In terms of profitability, tourism and heritage sites can be as lucrative, if not more so, than housing developments. Cities like Dubai exemplify this. However, a city should ensure access for all to live quality and sustainable lives. Even God didn’t build a house for man but created a garden, knowing that humans can build their own shelters,” he said.

Former Miss Eco Tourism Nigeria, Ifunanya Basilia, stated that the country lacks the legal structure to protect heritage sites.

“The fact that Nigeria regards tourism as important enough to have offices for it, I think the country knows its significance, but what they lack is the knowledge on how they can harness the potentials, and the effect of the lack of knowledge is not having structures in place to protect and preserve tourism in Nigeria or to even promote it.”

The ecotourism expert added that the impact of the offices is not seen, and the occupants are not developing policies or enforcing the minor existing policies that promote tourism in Nigeria.She added that real estate has been on the upswing in Nigeria and that businessmen are beginning to go into villages, buy large tracts of land, and put it up for building and selling it as real estate, “but what has benefited the economy?

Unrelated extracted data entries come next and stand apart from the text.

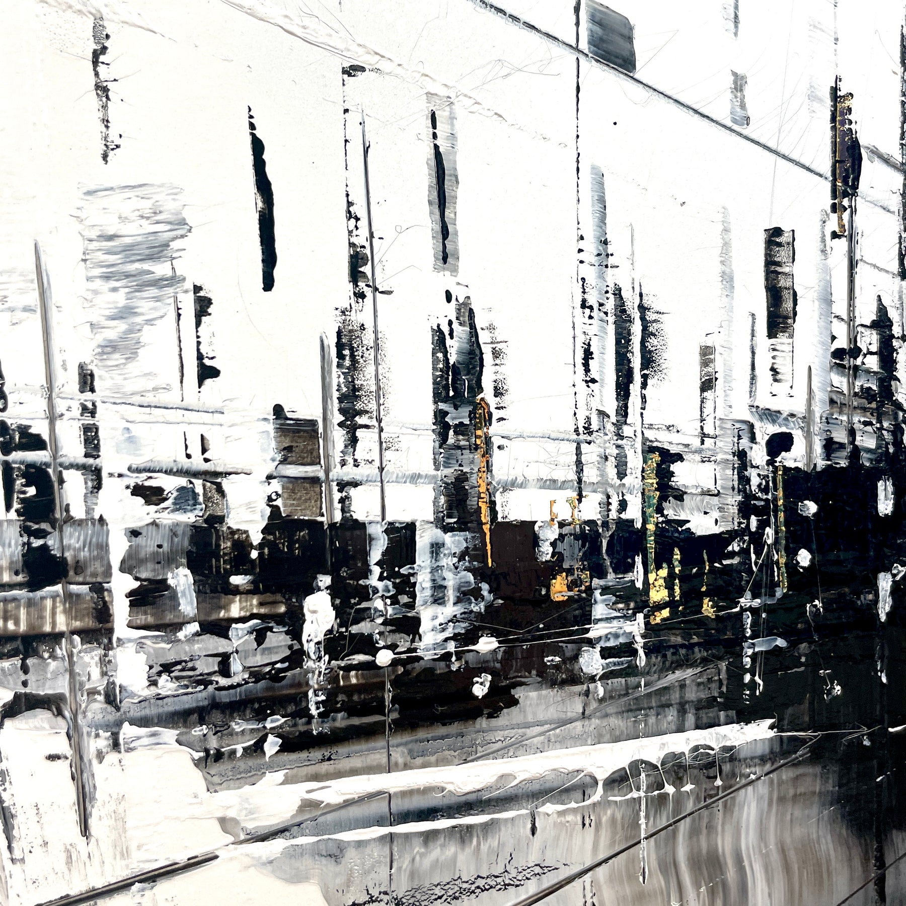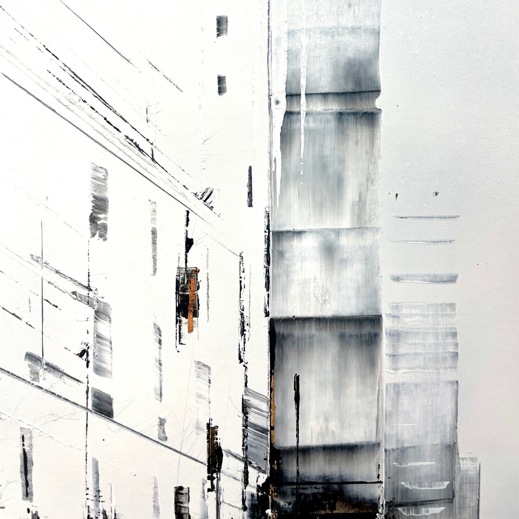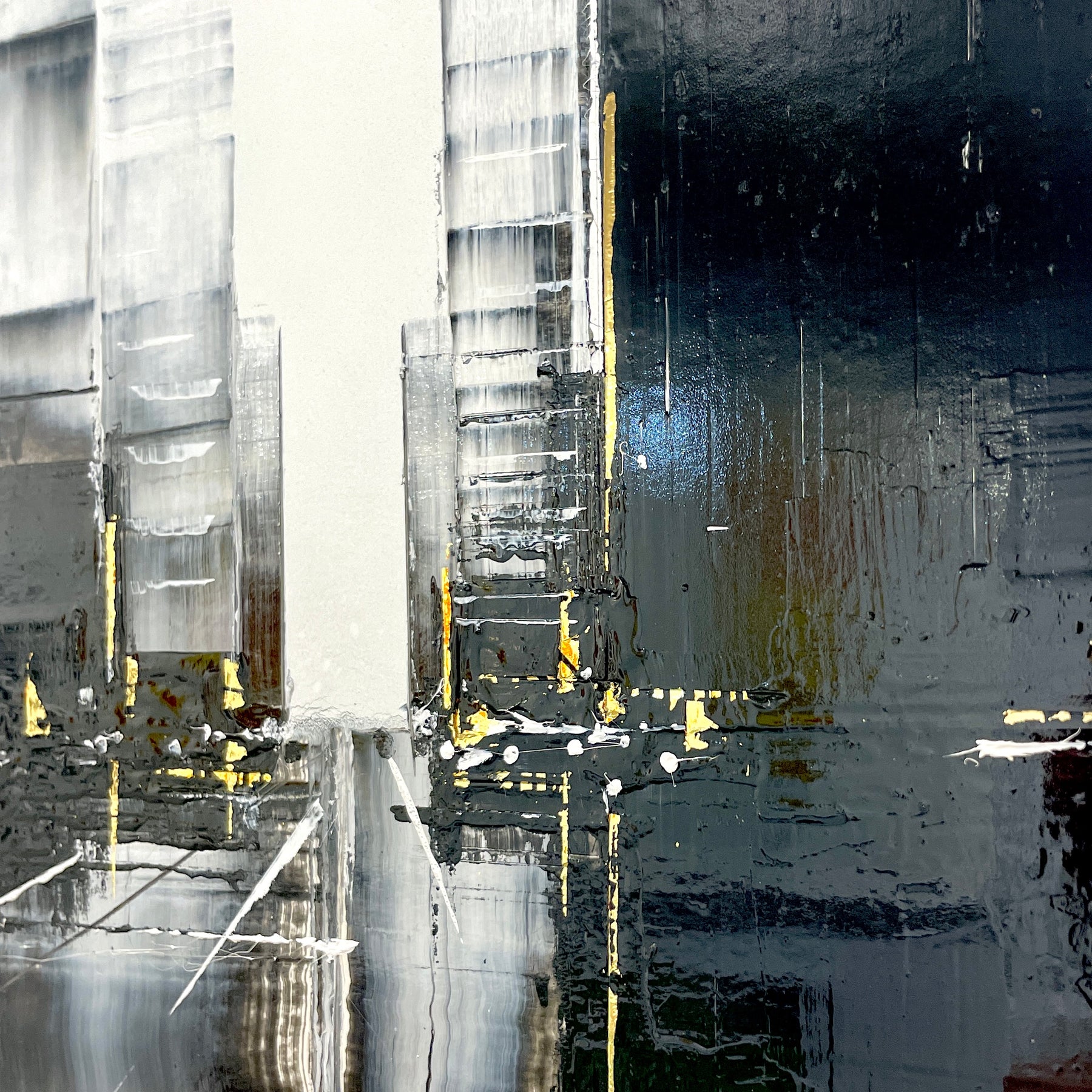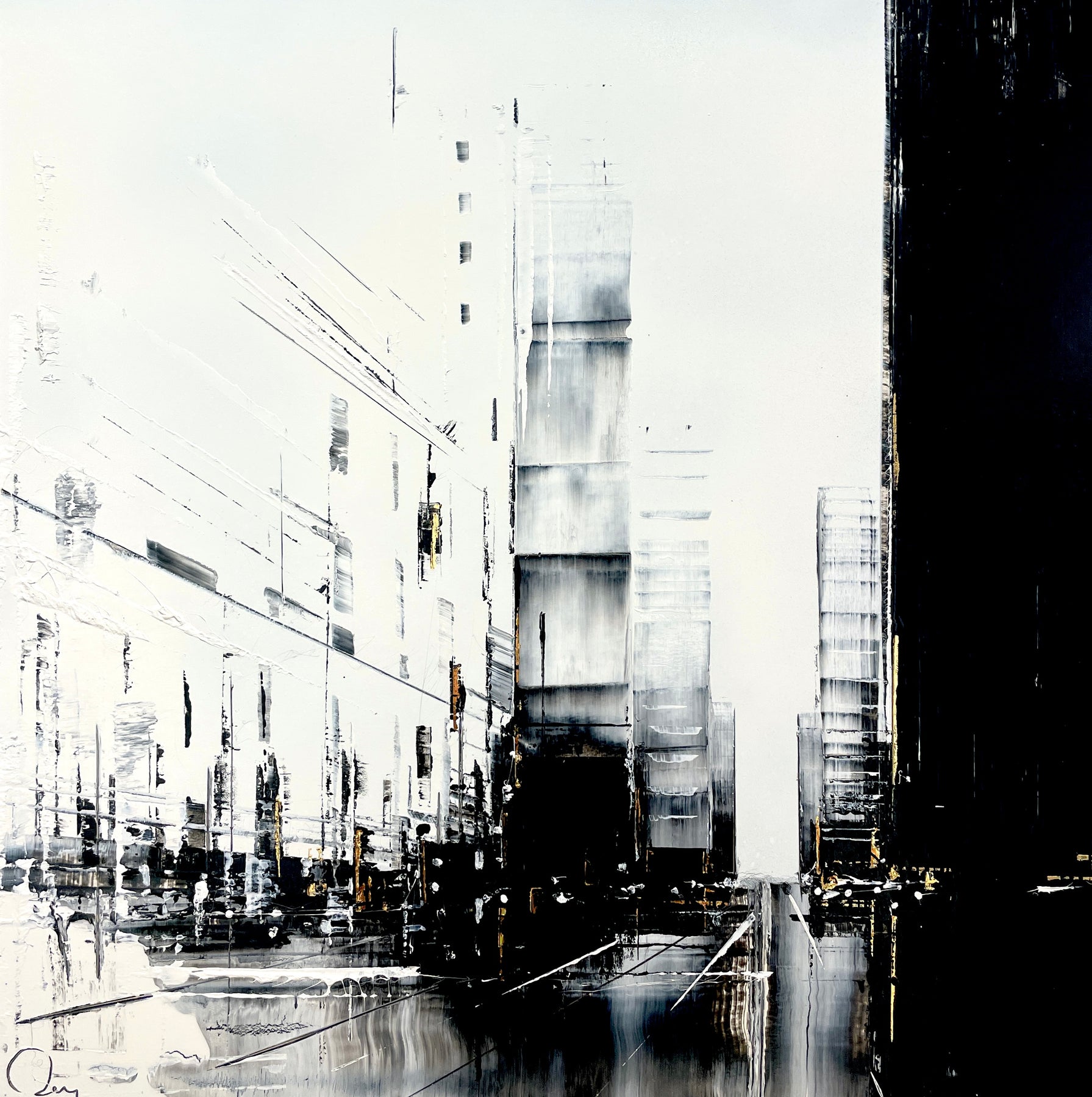 Julien Rey's story begins like all great stories: with an impossible dream. With achromatopsia (the absence of color vision), the artist sees only in black and white. Yet, this condition did not prevent him from traveling to the borders of Burma, from changing his life (he became a Buddhist monk), or from embarking on his art. From his trip to Burma, he brought back a perfect mastery of gold leaf and Chinese lacquer, a characteristic element in his work. His technique based on lacquer worked with a knife and gold leaf inlays places light at the center of his works. Marked by Zen philosophy, he creates minimal compositions that appear as suspended moments and poetic pauses. Julien Rey takes us on a journey through his paintings to urban landscapes and far-off lands.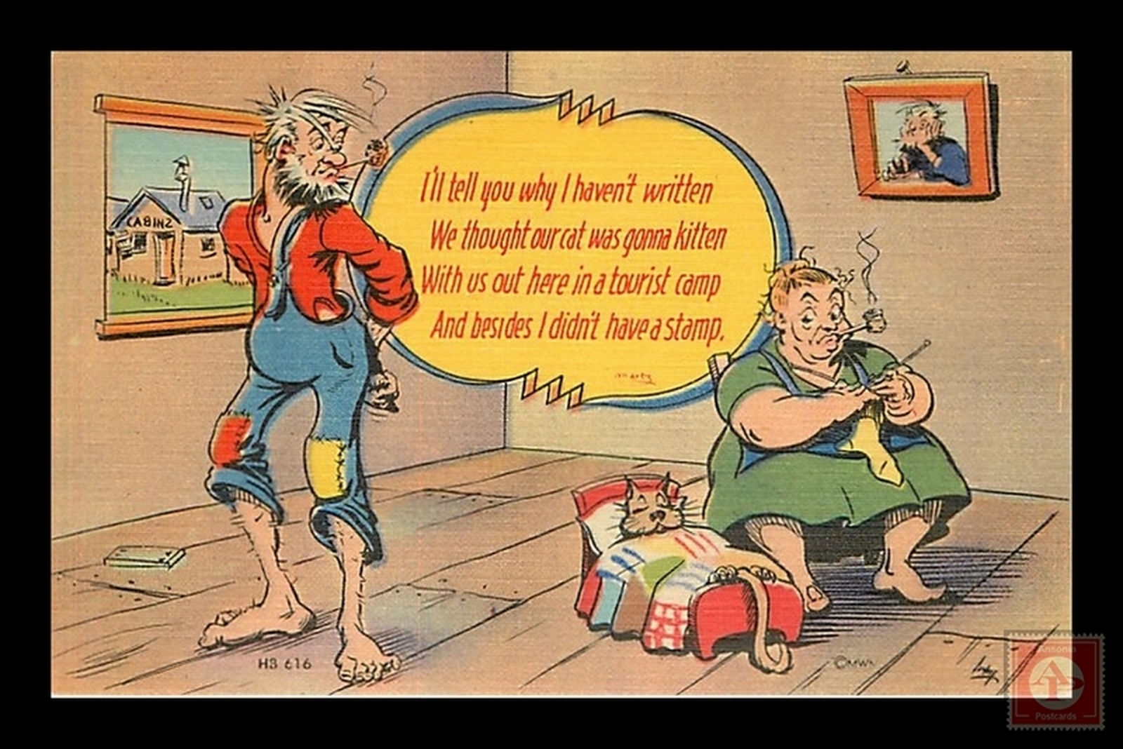 Some scans of postcards result in colored streaks which are a result of the error in scanning and not a fault of the postcard.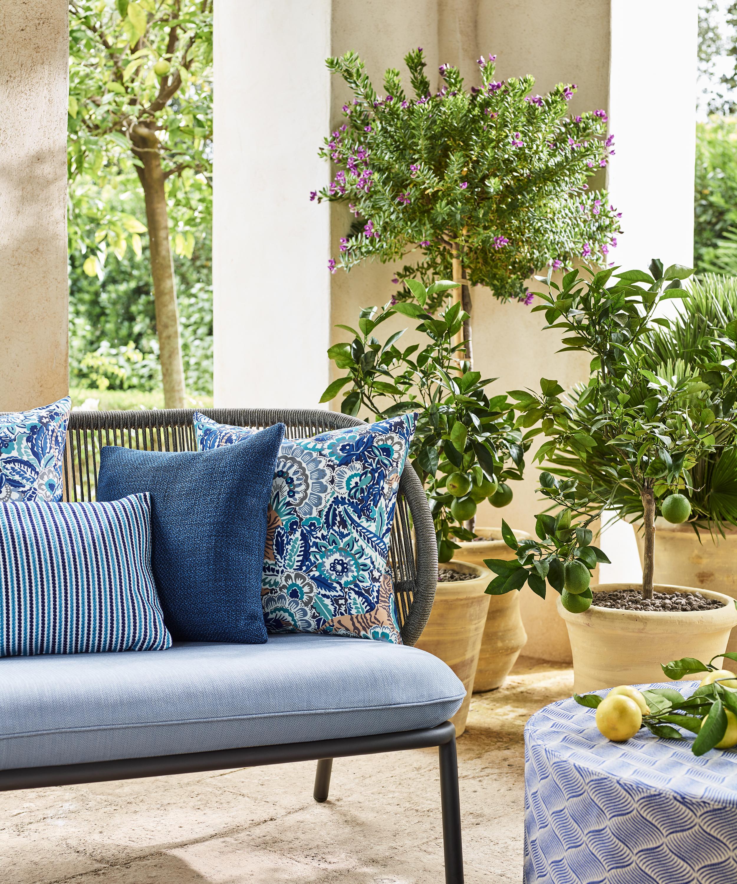 For the outdoor collection, we celebrate The Liberty Garden in all its glory. Harmonised across three distinctive ‘garden rooms’, the collection is criss-crossed by narrative stories of print and colour to reflect Liberty’s eclectic spirit. Drawing inspiration from the beauty of Arts and Crafts gardens, decadent ornamental florals appear juxtaposed against geometric botanical layouts and the classic nostalgia of Liberty ditsy florals – unique and beautiful settings for outdoors, painted in living colour.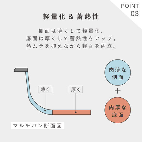 熱源に当たる底面はしっかり肉厚を確保しながら、側面の余分な厚みを削ぎ落とした特別設計。アルミダイカスト製法だからこそ実現できた超軽量仕様で、一度使うと重たいフライパンには戻れないほどの快適さです。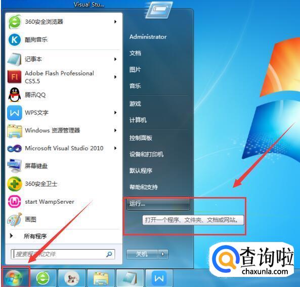 点击桌面左下角的【开始】图标,在弹出的菜单栏中,选择【运行】,如下图所示: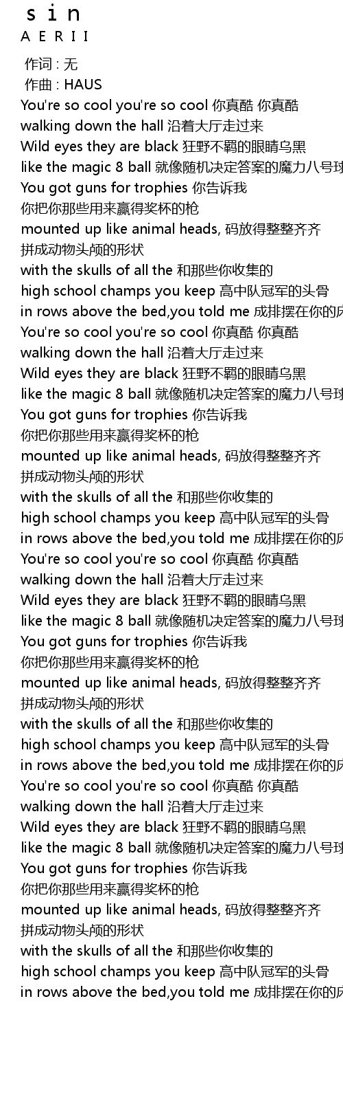 | [02:26.698] | You got guns for trophies nǐ gào sù wǒ nǐ bǎ nǐ nèi xiē yòng lái yíng de jiǎng bēi de qiāng |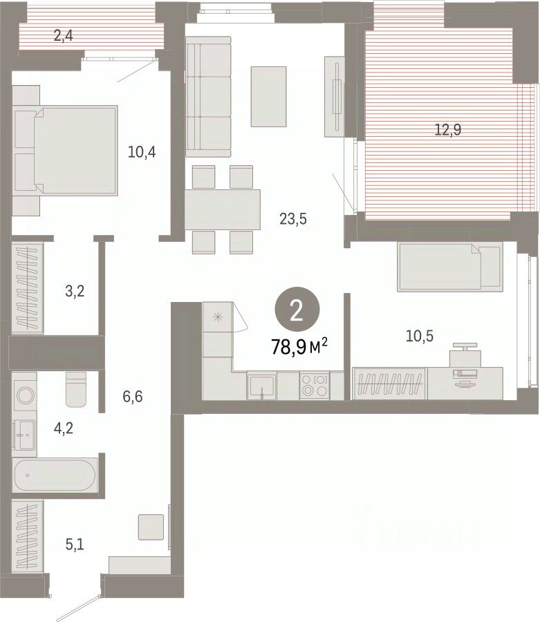 Двухкомнатная квартира с предчистовой отделкой в ЖК "Республики 205" на 16 этаже. Общая площадь: 78.89 кв.м. Высота потолков 2.7 м.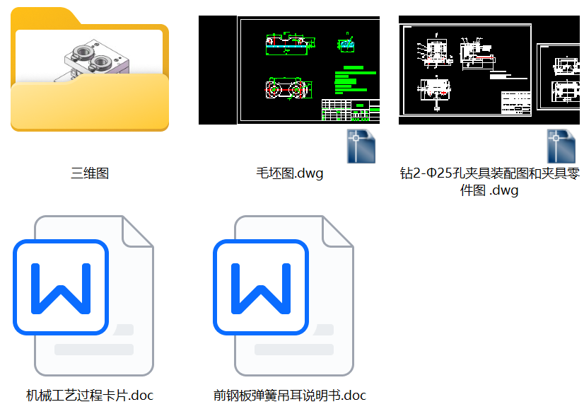 前钢板弹簧吊耳加工工艺及钻2-φ25孔夹具设计【说明书+三维SW+CAD图纸+工序卡1张+过程卡】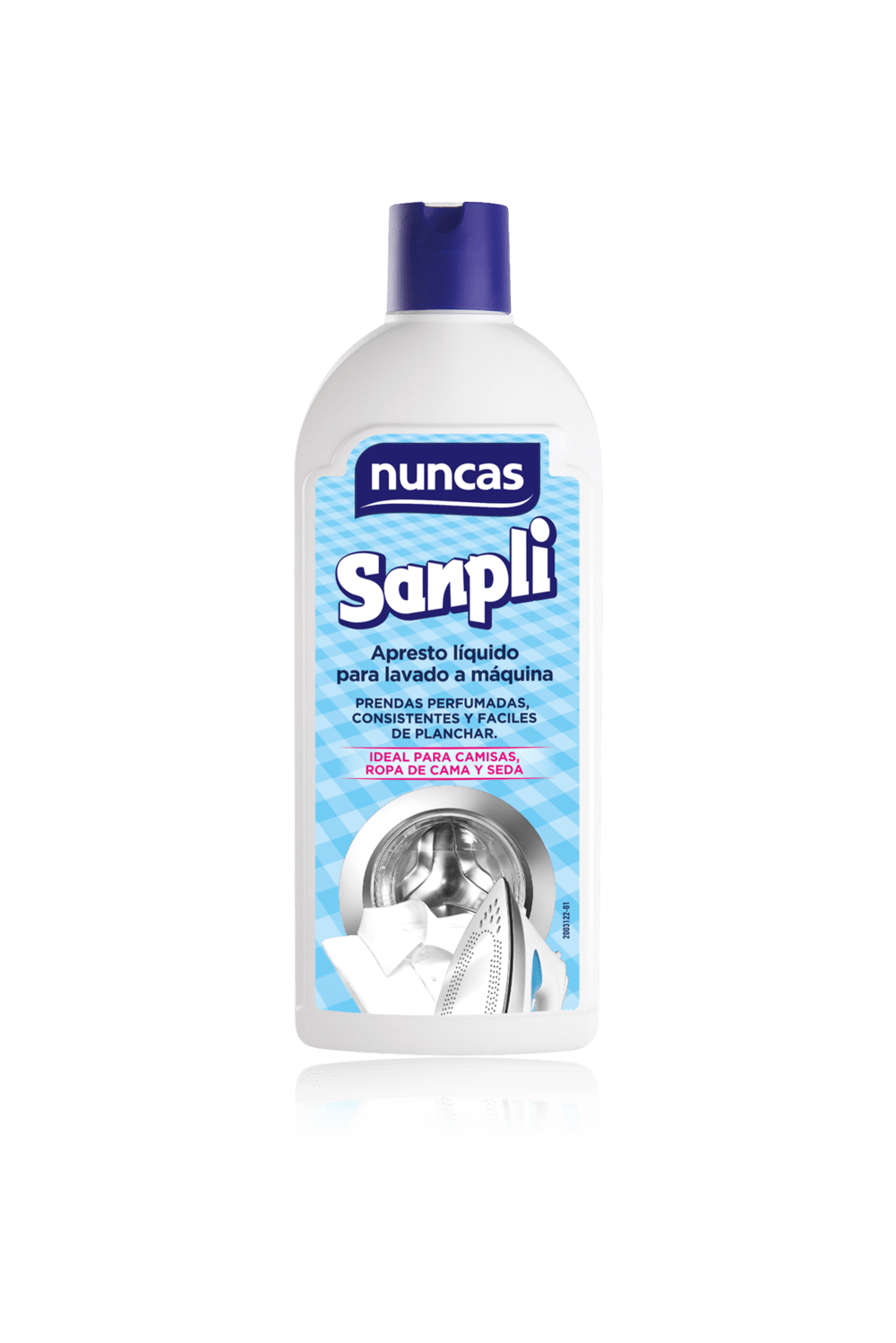Nuncas Sanpli Lavadora es un almidón líquido que añadido al agua del aclarado final se distribuye uniformemente dando consistencia al tejido y facilitando el planchado de camisas, sábanas y textil del hogar.
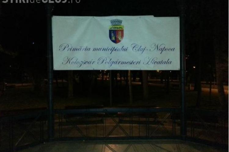 Gruparea MOST-ACUM a înlocuit un banner din Parcul Central, de la foișorul unde sunt oficiale căsătoriile, cu altul pe care numele Primăriei Cluj-Napoca era scris și în limba maghiară.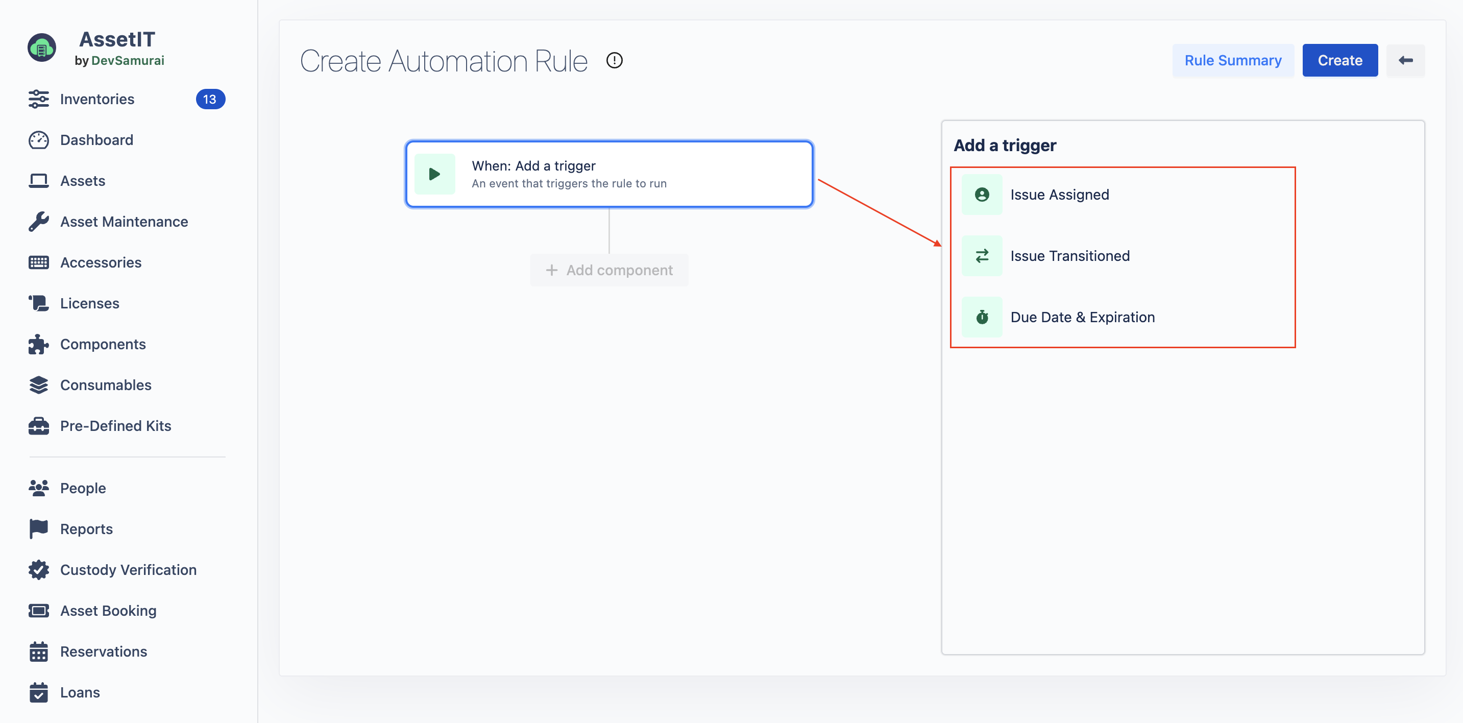 A trigger is an event that starts the automation process. It defines the conditions under which an automation rule is activated. For instance, triggers can activate when an asset is checked out, when an issue is assigned, or when a scheduled due date approaches. By defining these events, you can automate responses and streamline workflows efficiently.
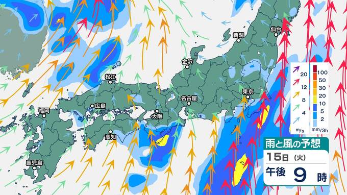 【大雨情報】近畿地方では局地的に雷を伴った『非常に激しい雨』が降る見込み 15日明け方にかけて『警報級の大雨』となる可能性【雨と風のシミュレーション】 チューリップテレビ 2025年7月14日(月) 00:00 15日(火)雨と風のシミュレーション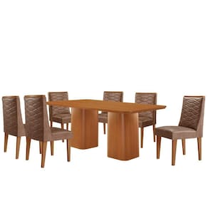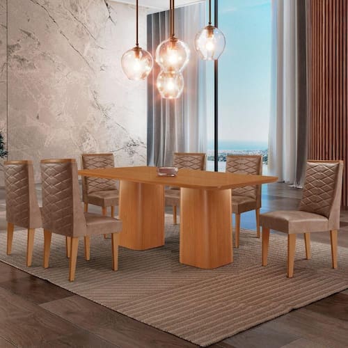 Mesa De Jantar Eloise 180cm Tampo Mdf 6 Cadeiras Moderna Tork/ Conjunto Sala de Jantar Mesa Eloise e Cadeira Safira A Mesa Eloise e uma peca de design sofisticado, com tampo em MDF Canto Copo, que adiciona elegancia e modernidade ao ambiente. Seu grande destaque esta nas bases com formato de torres, que trazem um visual marcante. As Cadeiras Safira sao totalmente estofadas, oferecendo conforto e um toque de charme com seus elegantes bordados na parte frontal e traseira. Os detalhes sofisticados valorizam ainda mais seu visual, tornando-a perfeita para ambientes modernos e elegantes. As alcas facilitam o manuseio, tornando o dia a dia mais pratico ao movimentar as cadeiras.

Almost nothing; aside from the contribution to the real estate sector, it hasn’t moved our economy anywhere. But look at what tourism did to Rwanda.”

Using Rwanda as a case study, Basilia said that the country has the fastest-growing economy in the continent, and this is a result of how much tourism has contributed to its economy in the past four years.

The tourist enthusiast explained that there’s nothing Rwanda has that Nigeria doesn’t have and that the only thing that the country doesn’t have, that Rwanda has, “is that they have a government that has put up a structure to ensure that tourism in their country is preserved and promoted rightly. If tourism can do that for them in the four years that they have put in the work. Imagine how much tourism can do for us in our economy if we begin now to take diligent steps into ensuring that they protect tourism sites.”

The former queen said that we have had a series of governments in Nigeria and a series of people coming into government with ideologies and things that they think are important.

“There are some places that you would go to in Nigeria; let me give you an example. If you go to Badagry, the first-story building in Nigeria, the slave port, they were preserved by the past government. Now, what is the present government doing to protect it? We have an office dedicated to addressing these issues, but what are they doing? If we check the books, are there even existing policies to protect these tourism and heritage sites?”

She asserted that what shows a government interest in something is the legal structures put in place to ensure that anyone who tampers with what they are preserving will get fined or serve punishment.